No surprise, considering the nature of this web site and it’s ever-expanding lists of kits, I love lists. I especially love literary lists and movie lists — or should I say lists of “films.” So, when I was perusing my Reader this week, I was thrilled to find the New York Times Book Review’s Top Ten Books of 2007 – 5 fiction and 5 nonfiction titles — a sneak preview of their top 100 books of the year. I was even more excited to see that I had only read one — Out Stealing Horses by Per Petterson — and immediately logged into my library site to begin requesting. Most had a short waiting list, and I had actually already requested Tree of Smoke. But the ever-present question arose… Who’s doing the picking and what criteria are they using?
Well, according to The Elegant Variation, these two questions have prompted the National Book Critics Circle to begin their own list of recommendations, based on what writers and critics are recommending to each other. Here is an excerpt of why according to NBCC President John Freeman:
“What if a best seller’s list was made up of books people read rather than books they simply bought? What if it was a list of books you just had to read rather than books that were just good reads. And what if the matrix for recommending those books wasn’t cash-registers, but the opinion of award-winning poets, novelists, biographers, novelists, critics and readers? These are the utopian ideas that prompted the National Book Critics Circle to create a monthly Best Recommended List. Polling our 800 members, as well as the former finalists and winners of our book prize, we asked, What 2007 books have you read that you have truly loved?”
Sounds great, doesn’t it? A sampling of the judges’ thoughts and selections can be found at Critical Mass. Seriously, with judges like John Updike, Carolyn Forche, Anne Tyler, Jane Smiley — to name only a few of the 500 — the list should be interesting! Cross-referencing the NBCC’s list with the NYT’s list, I found Out Stealing Horses and Tree of Smoke, and then three more titles to add to my library list…

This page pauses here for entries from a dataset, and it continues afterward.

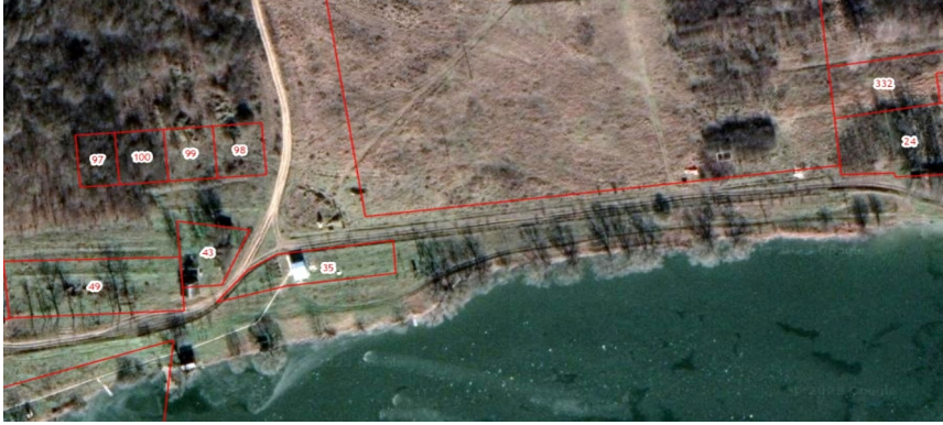
Fig. 6. Study of the situation in the area where the land plot with cadastral number 26:11:021003:35 is located for different dates using the photogrammetric method based on satellite imagery for 2022.

From the images taken in December 2022, it is clear that the boundaries of the cadastral number 26:11:021003:35 section and other sections are aligned with the image. There are no signs of the presence of the object specified in the 2008 technical passport on the site.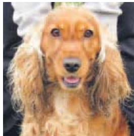
▲ Sam, ID 48127

Sam is a young, loving cocker spaniel boy looking for a warm home this winter. He is about two years old and has basic obedience training.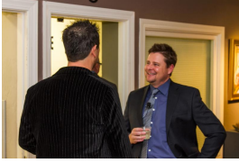
Collaboration - Feb '14

recent Chapter event, see what you've missed: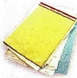
White or pastel office paper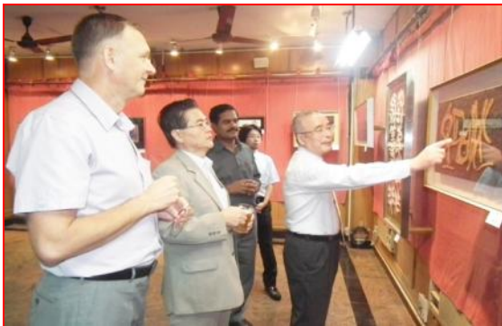
Dignitaries from various Consulates in Chennai viewing the Kokuji Art exhibits displayed at our centre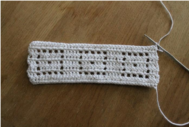
Rows 1 to 7 on the diagram

Some photos from the process of making the pockets: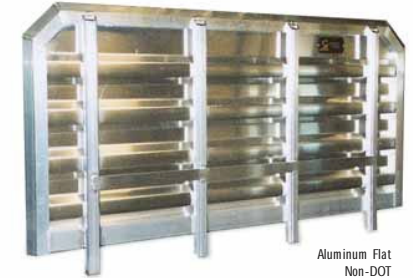
Aluminum Flat Non-DOT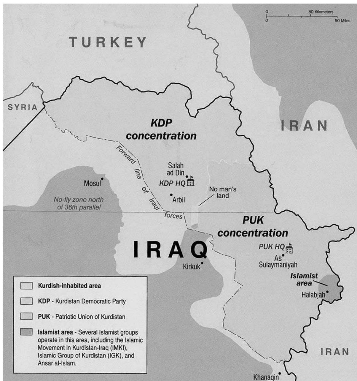
Figure 3: Map of KDP and PUK Governorates, 2003 239

First, Stansfield does not discuss how effective keeping the peshmergas separate and supporting each party was in promoting peace. Civil wars are generally prolonged due to a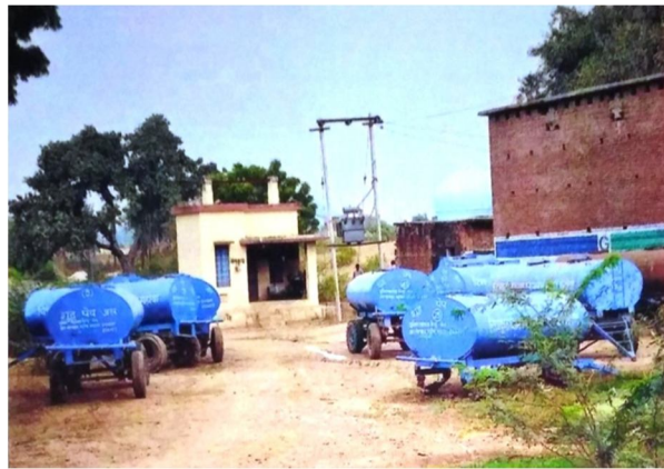
S 1 - Charkhari Baipass

Total six water samples were collected in summer season 2015, from different stations (Charkhari baipass, Bhatipura, Subhash Nagar, Ram leela Maidan, Bajaria, Navnirmmit Charkhari Baipass) in Mahoba city (Table-1) all the samples were collected in sterilized bottles D.O. bottles and were stored at 4 0 C till further investigation, samples were collected from the sites in between 9.30- 11.00 am, Physico chemical analysis of water samples were carried out using standard methods APHA (Trivedy and Goel 1980). Physico-chemical factors colour, Turbidity Taste, odour, PH, total hardness, Total dissolved solids, chloride and D.O. Fluoride, and total alkalinity were analyzed as per the methods given in APHA (2005).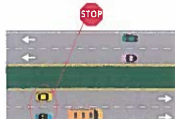
Divided Highway with Median Separation When a school bus stops and activates its stop arm and flashing red lights, traffic approaching the bus from behind must stop.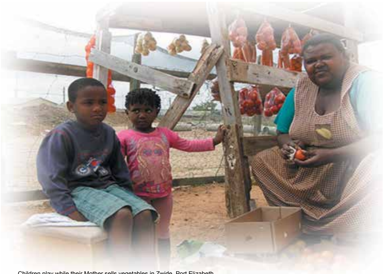
Children play while their Mother sells vegetables in Zwide, Port Elizabeth. She re-packs vegetables for her customers in quantities which they can afford.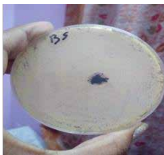
Fig 5. Antimicrobial Activity of Sample against Bacillus subtilis .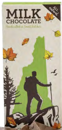
Milk Chocolate NH Souvenir Bar NH001 | 2.5oz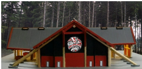
Model - West Side

We have had the honor of working with the Nisqually Tribe on a new multi-denominational Christian church building. They chose BPH Architects because they felt we would listen to them and be responsive to their needs.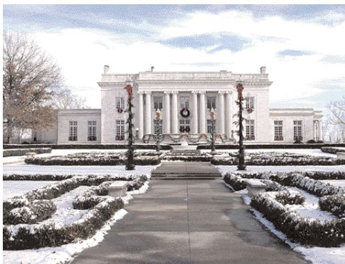
The Governor's Mansion is located at the top of Capital Avenue, overlooking the Kentucky River in Frankfort.

house is peach; another is gold with dark green shutters and a brick-red door.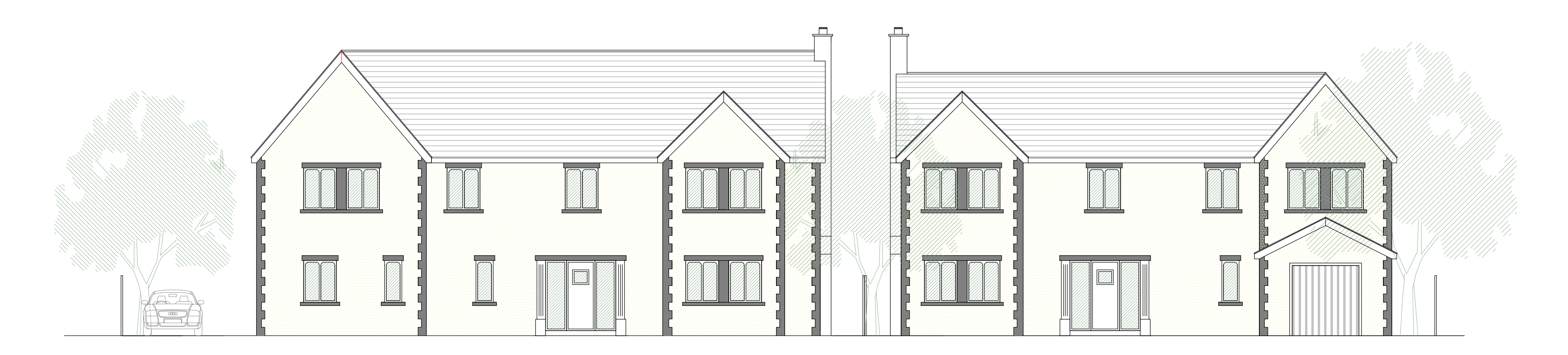
Proposed Street Scene 1:50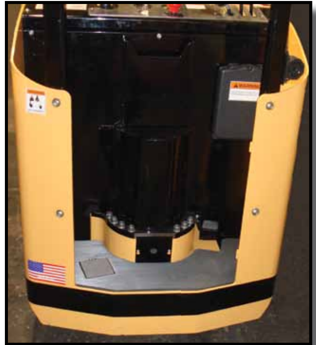
Low Step Height Operator Rear Entry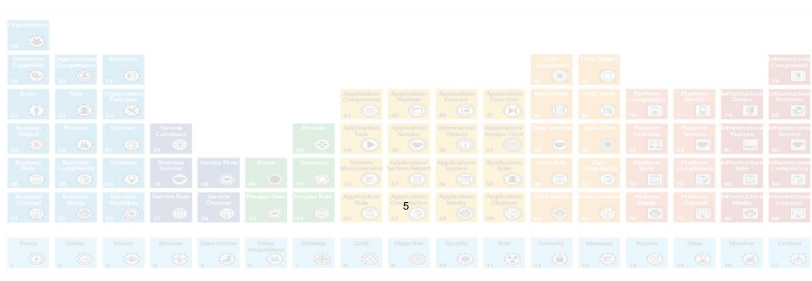
Table 2: Objects typically associated with the Measurement & Reporting linked to Contracts.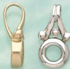
P816 ... Cast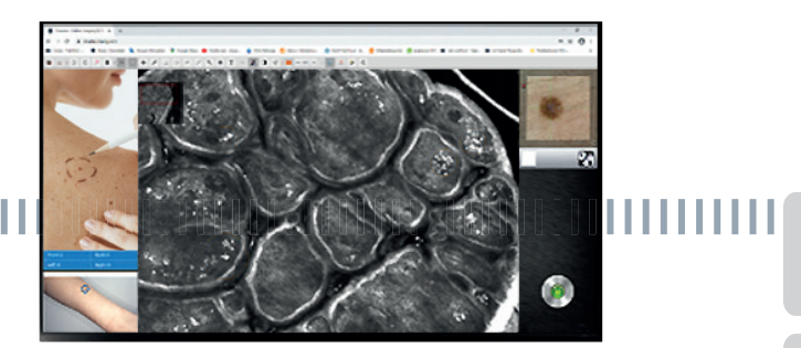
1 Image capturing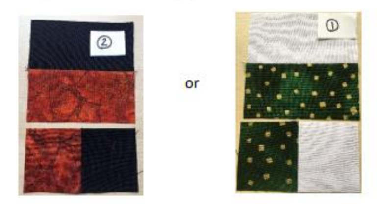
Steps 4 – 7 are the tricky ones – if in doubt as to the orientation, check with the main pictures

3. For each of the colours, sew the 4½ x 2½" rectangle from step 1 to the 4½" square from step 2, taking care to orient each piece correctly. Check with the picture below before sewing. Press. The resulting piece should measure 6½" x 4½"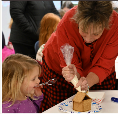
Homeworks! students create their own gingerbread houses as part of Winterfest on Dec. 19.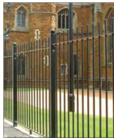
Project 21: Steel fence on boundary of Park Grange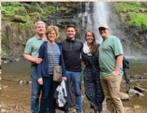
Lone Creek Falls, South Africa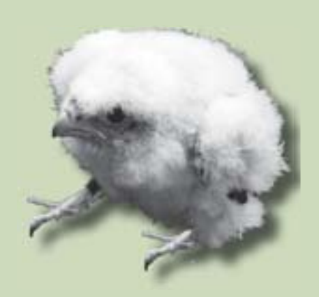
Peregrine chick.

Please be aware that the Precipice Wall, Valley Cove Wall, and Beech Cliffs areas are closed until the peregrine chicks mature and leave the nest (usually in late summer). Other areas may be closed; check with rangers for details. Also, see Park Closures (page 2) for specific trail and other closures during your visit.

And, by the way, when I asked Paper Cuts how the books were selected, within an hour Dwight Garner replied with the following:
“Yes: the arguments can get intense, in a big way. The Book Review’s top editors choose the 10 from the list of 100 Notable Books we compile each year. First we read and re-read, for many weeks. We sit in a room and argue it out, first to pick those 100 … and then, more agonizingly, to whittle it down to the 10. Frequently, one of us would hand a book to a colleague and say: “Here, go read X again overnight and tell me it’s not better than Y.” Not all of my personal X’s made this list – but then, all of no one’s did. I am happy about some of the dark horses here, like the funny, flinty “Little Heathens.” Where did *that* come from? What a joy.”